Os atentados despertaram a reação imediata de líderes globais. “Toda a Europa foi atingida”, afirmou François Hollande, presidente da França. “Será uma longa guerra.” O americano Barack Obama disse que todos devem estar juntos “na luta contra o flagelo do terrorismo” e ressaltou que não hesitará em usar as Forças Armadas nesse contexto. Segundo especialistas consultados pela DINHEIRO, o acirramento do choque entre as grandes potências e os grupos extremistas traz riscos diversos, mas uma causa comum: a  histórica postura bélica dos países ocidentais, e, mais recentemente,  sua interferência na Síria. “Tudo o que está acontecendo tem origem no ato do governo americano invadir o Iraque e derrubar Saddam Hussein”, afirma Rubens Barbosa, ex-embaixador do Brasil em Washington. “A repetição da política que alimentou o nascimento dessas ameaças só aquece esse caldeirão”, diz Tomáz Paoliello, professor de relações internacionais da PUC-SP. Argemiro Procópio Filho, especialista da Universidade de Brasília, reforça: “Criar monstros para combater monstruosidades é muito perigoso.”

Os ataques destacaram outro componente que desafia a “guerra ao terror”: a rápida articulação dos terroristas, além do fato de o Estado Islâmico ser um “inimigo sem face”. “Os atentados mostraram que essas redes contam com uma atuação descentralizada, com células que não dependem necessariamente de um comando central”, diz Paoliello. Ele cita o caso de Osama Bin Laden, morto em uma operação militar, em 2011. “Cortar uma cabeça não significa necessariamente o fim dessas organizações.”

O recrudescimento do discurso xenófobo e das políticas restritivas de imigração são outros prováveis desdobramentos, o que promete tornar ainda mais crítica a situação dos refugiados do mundo árabe. O pré-candidato à Casa Branca Donald Trump voltou a defender o fechamento de fronteiras e propostas como a tortura por afogamento para extrair informações de terroristas. “Os ataques mostram que o livre movimento pelas fronteiras é uma ameaça para a nossa segurança” disse Mike Hookem, porta-voz do partido britânico Ukip. Presidente do Instituto Ovos Brasil, Ricardo Santin estava em Bruxelas no dia dos ataques e presenciou essas propostas ganharem força. “Como o Estado Islâmico é abstrato, muitas pessoas por lá estavam buscando personificar a culpa em alguém, em especial, nos mulçumanos”, diz.

Carlos Gustavo Poggio Teixeira, professor de Relações Internacionais da FAAP, ressalta que o momento abre espaço para impactos na já lenta recuperação econômica. “A crise de 2008 trouxe uma narrativa de desintegração na União Europeia e esse contexto pode fragmentar ainda mais o continente”, diz.

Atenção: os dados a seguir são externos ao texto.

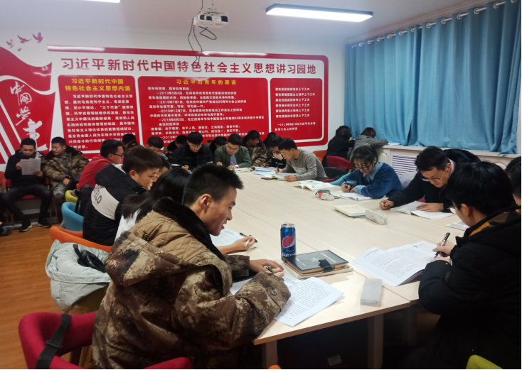 2019�11�20�,交管本科党支部在党员活动室举行“不忘初心、牢记使命”主题教育补学会议,补学成员刘辉,王常凌、吴婷参加会议�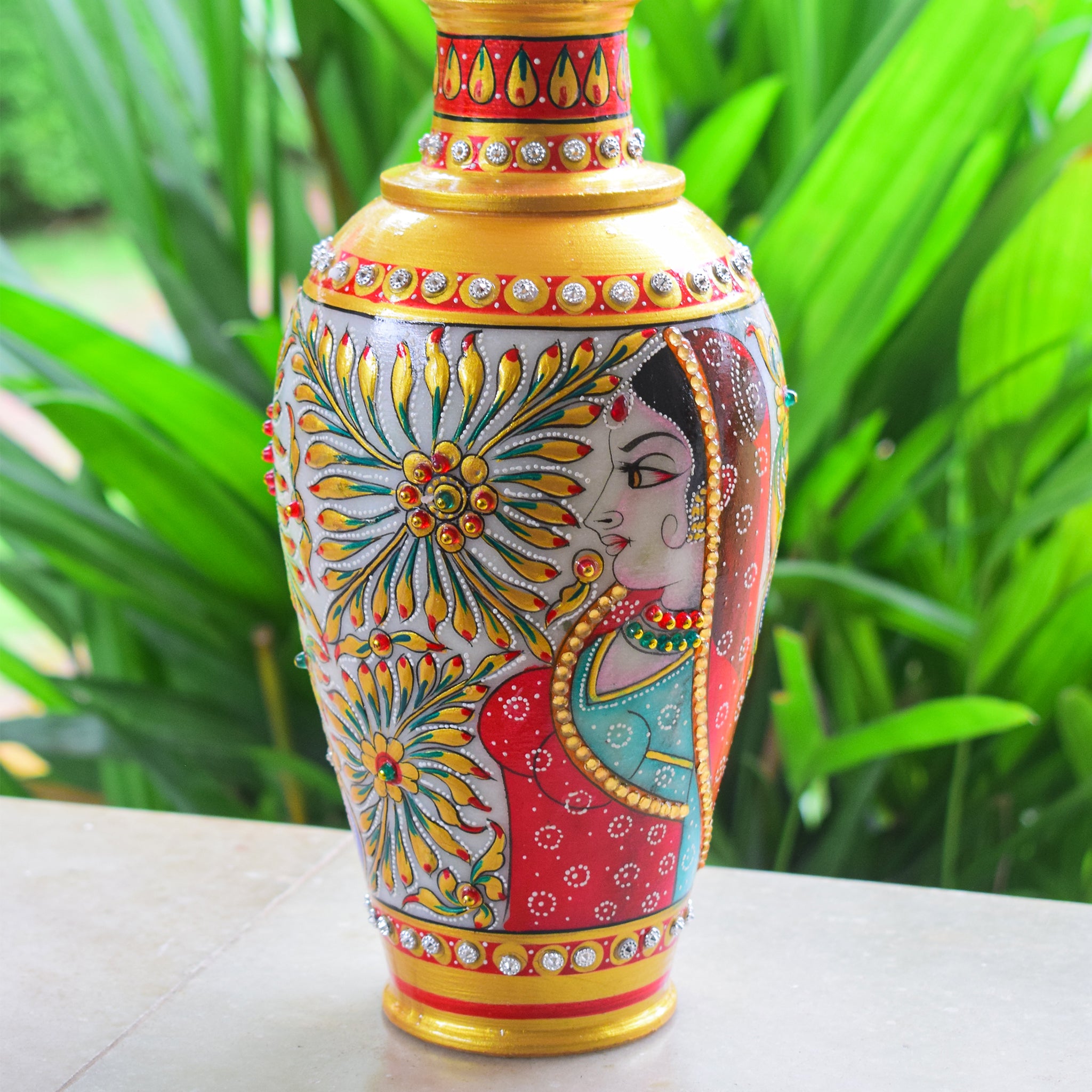 Kishangarh Marble Vase with Bani Tani Traditional Women Motifs

Uma alternativa contra o extremismo é o combate no plano ideológico. “Mas as democracias não costumam ter muita paciência para lidar com questões estruturais.”

A saída para lidar com esse cenário, segundo Rubens Barbosa, deve passar necessariamente pela resolução dos conflitos na Síria. “A escalada do terrorismo só vai arrefecer com a eliminação da sua causa”, afirma. “Políticas para enfrentar o extremismo precisam contemplar a dificuldade de várias pessoas, provenientes do mundo árabe, se integrarem em suas sociedades de destino”, diz Cristine Zanella, doutora em Relações Internacionais, que morou em Gent, cidade a 30 minutos de Bruxelas, até julho de 2015. Para Argemiro Procópio Filho, as discussões que estão sendo conduzidas em Genebra, a respeito da questão síria, indicam uma luz no fim do túnel. “A inclusão de atores até pouco tempo marginalizados nesse debate, como a Rússia, é positiva”, diz. “O terrorismo não é um desafio restrito à Europa ou ao mundo árabe. Ele é global.”